By Joseph Rickert
“Listen Corso, there are no innocent readers anymore. Each overlays the text with his own perverse view. A reader is the total of all he’s read, in addition to the films and television he’s seen. To the information supplied by the author he’ll always add his own.” (Arturo Perez Reverte: The Club Dumas)
And so it is with data scientists. There are no innocent data scientists. All data analysis, even an exercise in simple descriptive statistics, requires bringing a vast amount of information to the analysis. First there is the meta-data: information about the structure of the data, how and when it was collected and to what end. Then, there is the information that the data scientist brings. This includes information about the intent of the analysis and the suitability of the data to support that intent as well as the explicit assumptions that the data scientist is compelled to make even if he or she does not feel compelled to explicitly articulate. What population does the data set represent? Is it a sample or the entire population? Is it a random sample? Are the observations independent? What assumptions need to be tested?
Next, there is information supporting the choice of analytic techniques that may seem appropriate; information about the assumptions underlying those techniques; information about similar analyses conducted in the past and so on. Even in the simplest case, a full accounting of all of the information brought by a data scientist to an analysis would show the data embedded in a vast matrix of supporting information, much of it subjective, contingent and inextricably tangled with the experience of the data scientist: the residue of every data set seen, every model built, every insight, every blind alley.
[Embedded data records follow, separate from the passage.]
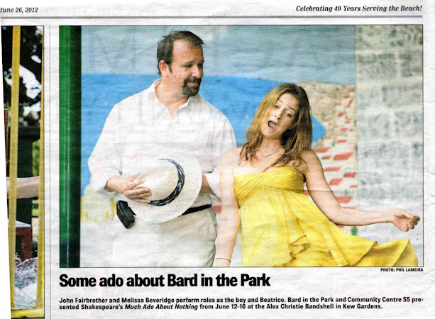 For a few years now, Melissa has been acting with Bard in The Park productions each June, in Kew Beach, Toronto, Canada.
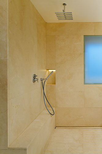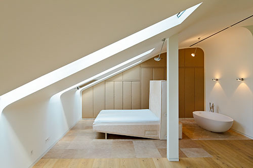 Im privaten Bereich rückt Textil an die Stelle von Holz und Leder: Die Schrankfronten im Schlafbereich sind mit Textil verkleidet und passen sich der geschwungenen Decke an. Faltschiebetüren im Wandschrank lassen aus einer vereinzelten Badewanne im Handumdrehen ein ganzes Bad entstehen. Bei sparsamer Möblierung nimmt die Lichtgebung im Raum eine wesentliche Rolle ein. Die künstliche Beleuchtung setzt gezielt Akzente, die das Understatement der natürlichen Materialien und erdigen Farbtöne unterstreichen. (Text: Architektinnen, redaktionell überarbeitet)
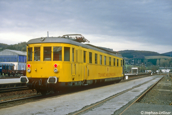 In der Abenddämmerung des 28. November 1984 ist der Tunnelmesswagen 712 001 im Bahnhof Arnsberg für Profilmessungen der Tunnel in Arnsberg, Oeventrop und Freienohl eingetroffen. Vor der Bahnmeisterei wartet er auf den Az-Führer, der das Fahrzeug erst einmal in die Abstellung begleiten wird.
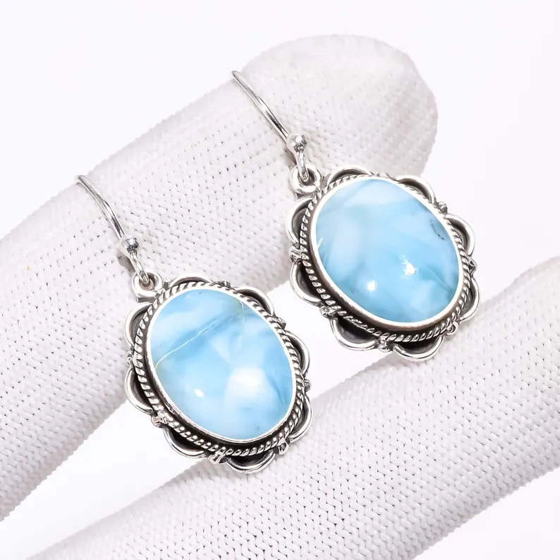 Larimar Earrings Wholesale Fine Jewelry 925 Sterling Silver Custom Made Jewelry Handmade Silver Earring Drop Dangle Gift for Her
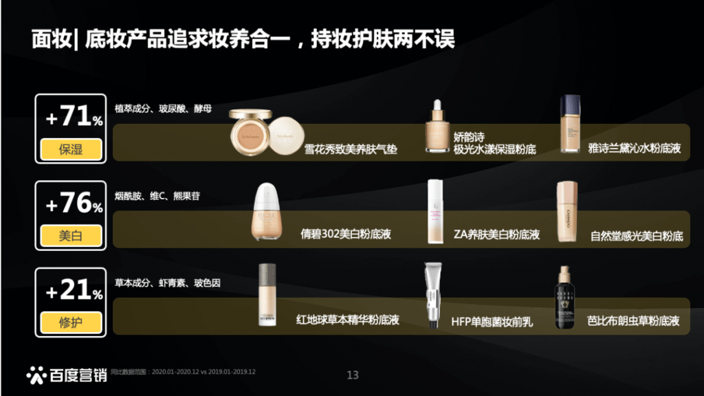 从2019年刮起“养妆”的风潮,在2020年得到进一步发酵。底妆产品的养肤功效呈现细分趋势,保湿、美白、修护是主打“妆养合一”概念的三条主赛道。与此同时,用户还会关注产品营销卖点背后真正起到功效支持的养肤成分,例如玻尿酸、烟酰胺、虾青素等,这些都是与养妆产品高频关联的热门成分。
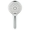 Die Handbrause Raindance Select S 150 von Hansgrohe begeistert mit modernem, elegantem Design und innovativen Funktionen. Die Select-Technologie ermöglicht ein bequemes Umschalten zwischen drei verschiedenen Strahlarten auf Knopfdruck. AirPower reichert das Wasser mit Luft an, was das Strahlbild fülliger und weicher macht und gleichzeitig den Verbrauch senkt. Dank der Quick-Clean Funktion verschwinden lästige Kalkablagerungen im Handumdrehen: Rückstände können von den flexiblen Anti-Kalk-Noppen einfach abgerubbelt werden. Die verchromte Oberfläche ist besonders pflegeleicht und langlebig. Mit ihrem genormten ½“-Anschluss ist die Handbrause passgenau montierbar.
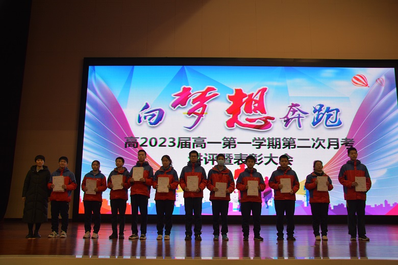 12月19日下午,高一年级在体育馆举行了高2023届高一第一学期第二次月考讲评暨表彰大会,左宏莉主任代表年级对优秀学生进行了表彰奖励,年级部付斌副主任和杜薇副主任分别就德育和学习情况进行总结。
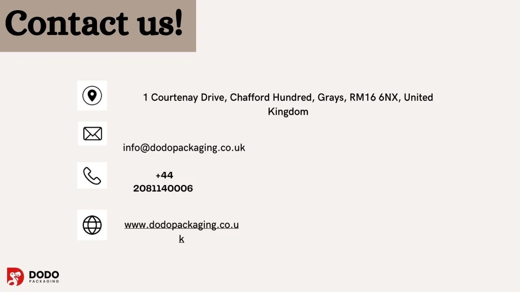 Contact us! 1 Courtenay Drive, Chafford Hundred, Grays, RM16 6NX, United Kingdom info@dodopackaging.co.uk +44 2081140006 www.dodopackaging.co.uk
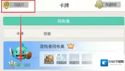 点右上角的卡牌,这里会进入卡牌培养,世界之子冈布奥升级就是在这里。
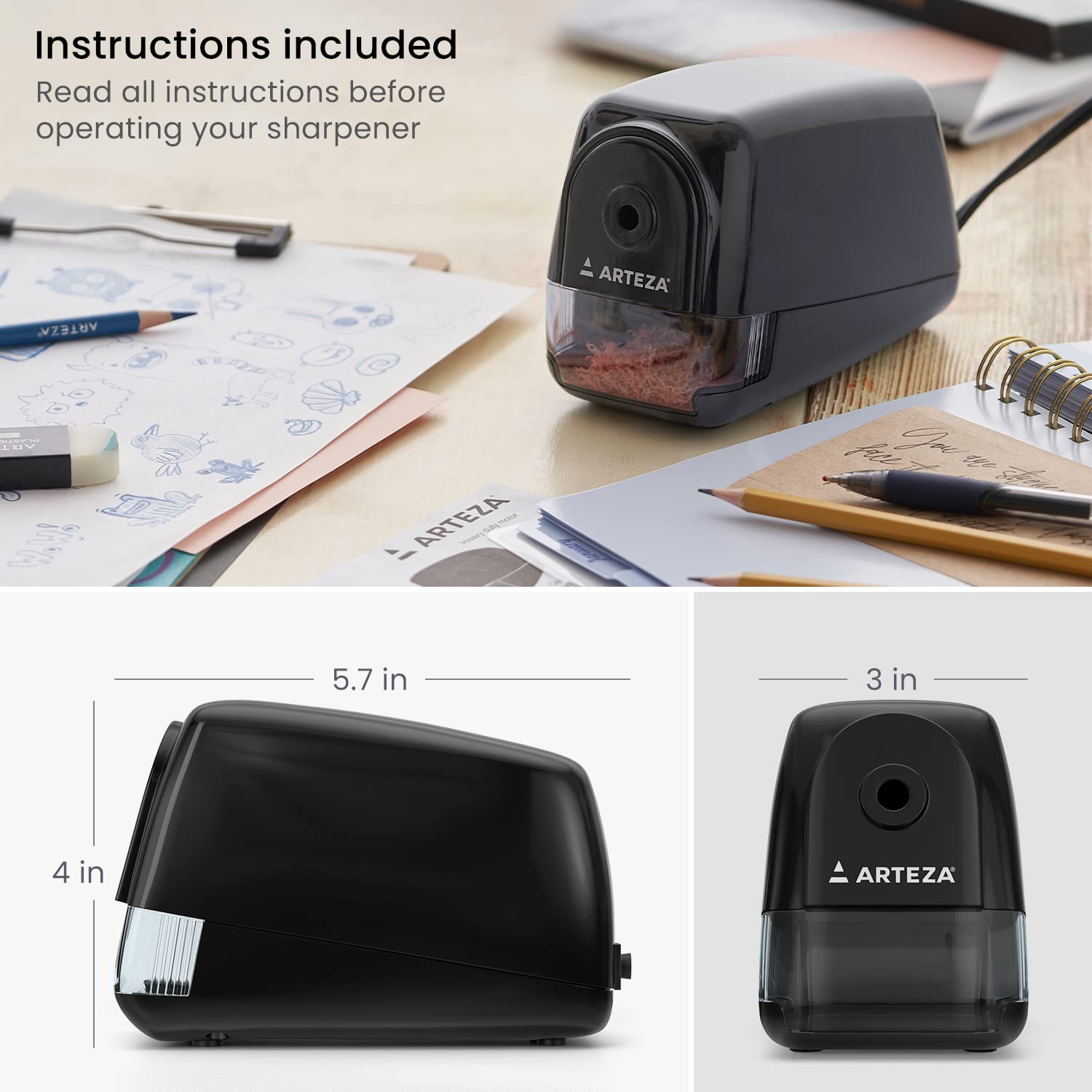 Arteza Pencil Sharpener, Black, Quiet Pencil Sharpener for 8-mm Pencils, Office Supplies for Teachers, Students, and Classrooms, Art Studios, and Workspaces
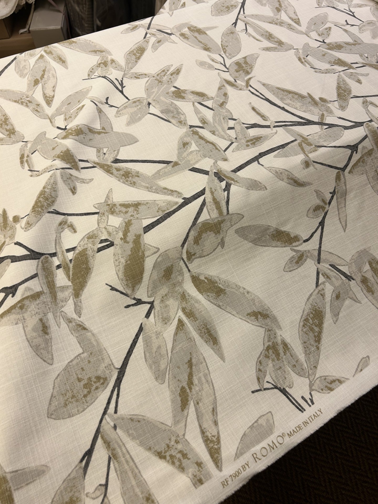 tessuto da arredamento H.140 stampa "fogliame" beige e avorio , Romo
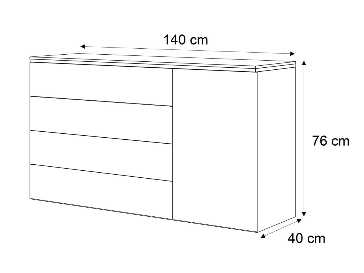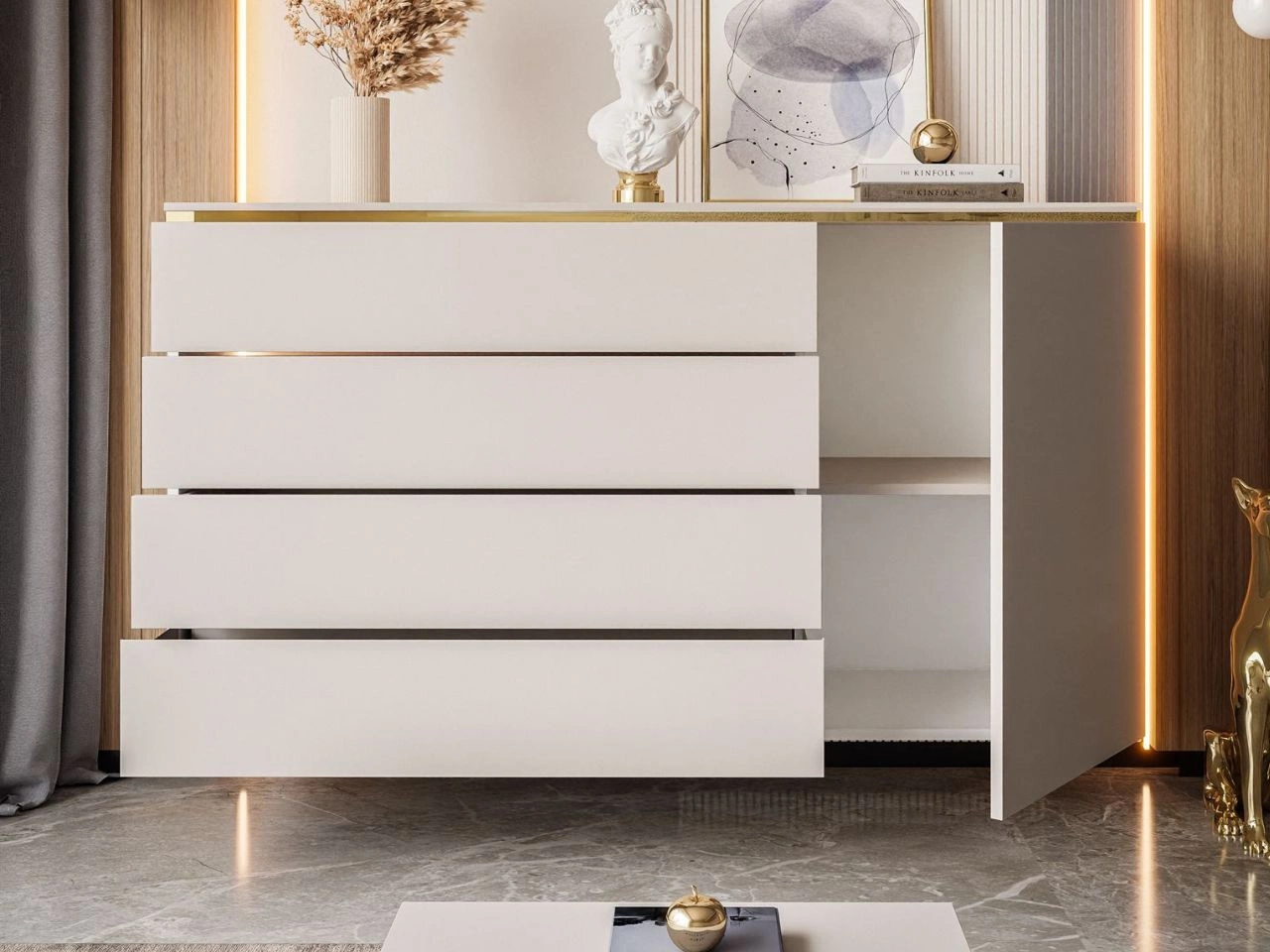 Wnętrze mebla zostało zaprojektowane tak, aby zapewnić maksymalną funkcjonalność. Cztery szuflady pozwalają na wygodne przechowywanie i segregację drobiazgów, dokumentów czy akcesoriów, natomiast przestrzeń za drzwiami świetnie sprawdzi się do schowania większych przedmiotów. Dzięki temu komoda pomaga utrzymać porządek i organizację w domu.
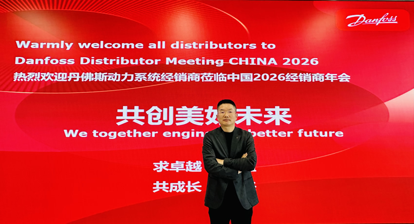 2026 年 1 月 21 日,丹佛斯动力系统 2026 年经销商合作伙伴年会在刚启用不久的丹佛斯海盐第二园区盛大启幕。来自全国各地的近两百名经销商合作伙伴与丹佛斯团队齐聚一堂,以 “求卓越、创价值、共进取、赢未来” 为核心主题,复盘过往协同成果,共话绿色转型新机遇,擘画 2026 年深度合作蓝图。此次年会选址海盐第二园区,既彰显了丹佛斯深耕中国市场、强化本土制造与创新的坚定决心,更让合作伙伴沉浸式感受了丹佛斯绿色智造的硬核实力。 会上,丹佛斯动力系统中国区领导团队重磅发布 2025 年亮眼业绩:在复杂的市场环境下,于中国区负责人海松总的带领下,依托与经销商伙伴的紧密协同,实现了 71% 的高速增长,用实打实的成果印证了 “合众之力、共赢发展” 的核心合作理念。
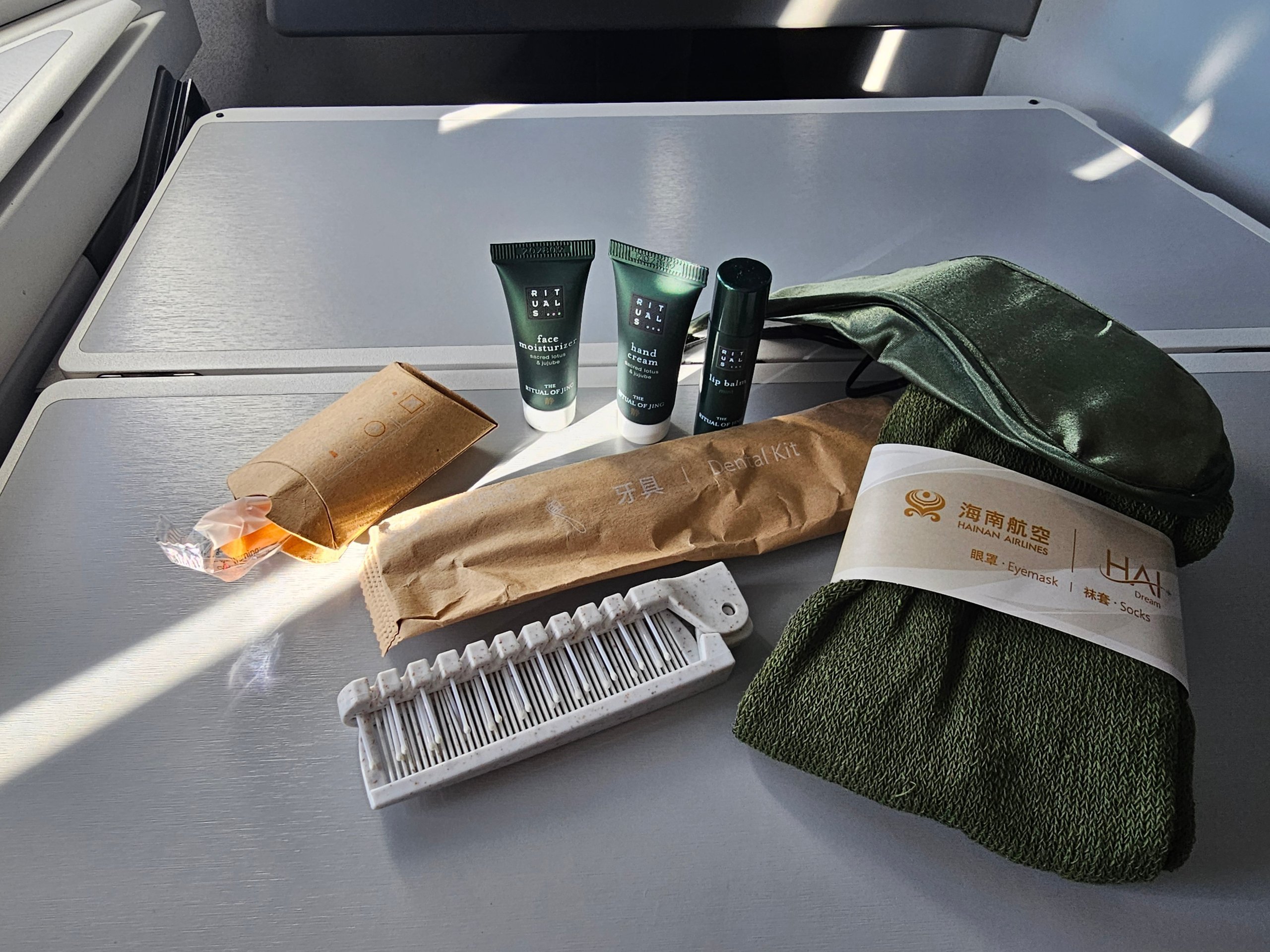 Le kit de commodités de la classe affaires de Hainan Airlines est solide à première vue, mais sans grande originalité.
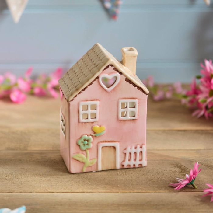 Ceramic tea light holder shaped like a pink house with an embossed and painted flower design, heart-shaped window, and beige roof with chimney.
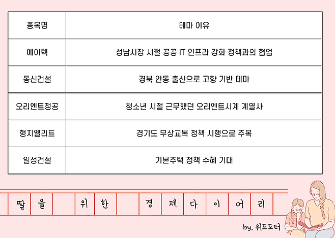 특히, 에이텍, 동신건설, 오리엔트정공, 형지엘리트, 일성건설은 대장주로 꼽히며 높은 관심을 받고 있죠. 하지만 정치 테마주는 급등락 위험이 크기 때문에 신중하게 접근해야 해요.

“Let the data speak for themselves” is an utterance one still hears with some frequency these days. I take it as an expression of naive optimism. If we would just get out of the way and let the data speak we would get much closer to the truth. Classically trained statisticians know this to be a dangerous dream. For many, if not most of this “small data – big inference” group, there are no data until the analysis has been conceptualized. First, one must design the experiment, select a method or model based on an a priori understanding of the goals of the analysis and the experimental conditions, formulate the null hypothesis, settle on the tests for significance and then, and only then, collect the data. Under this set-up the data are constrained to commenting on a very narrowly scripted story. Any elaboration could only be exercise in self-deception and bad science.
Data scientists have also been aware of these issues for some time. More than a decade ago in his paper Statistical Modeling: The Two Cultures, Leo Breiman, probably the first superstar data miner, described what he called the Rashomon Effect: for large, complex data sets there are often many models, each using different variables that meet the same performance criteria. Leo writes: “there is often a multitude of different descriptions ... in a class of functions giving about the same minimum error rate”, and goes on to describe a hypothetical example in which three models each built with different variables from the same data set yield models with residual sum or squares or test set error within 1% of each other. Leo comments: “Which one is better? The problem is that each one tells a different story about which variables are important”.
The data never really speak for themselves. At best, they tell a plausible story for which they have been well-rehearsed.
For a very entertaining and topical presentation of some of the issues raised here have a look at Kate Crawford’s keynote address at Strata last week.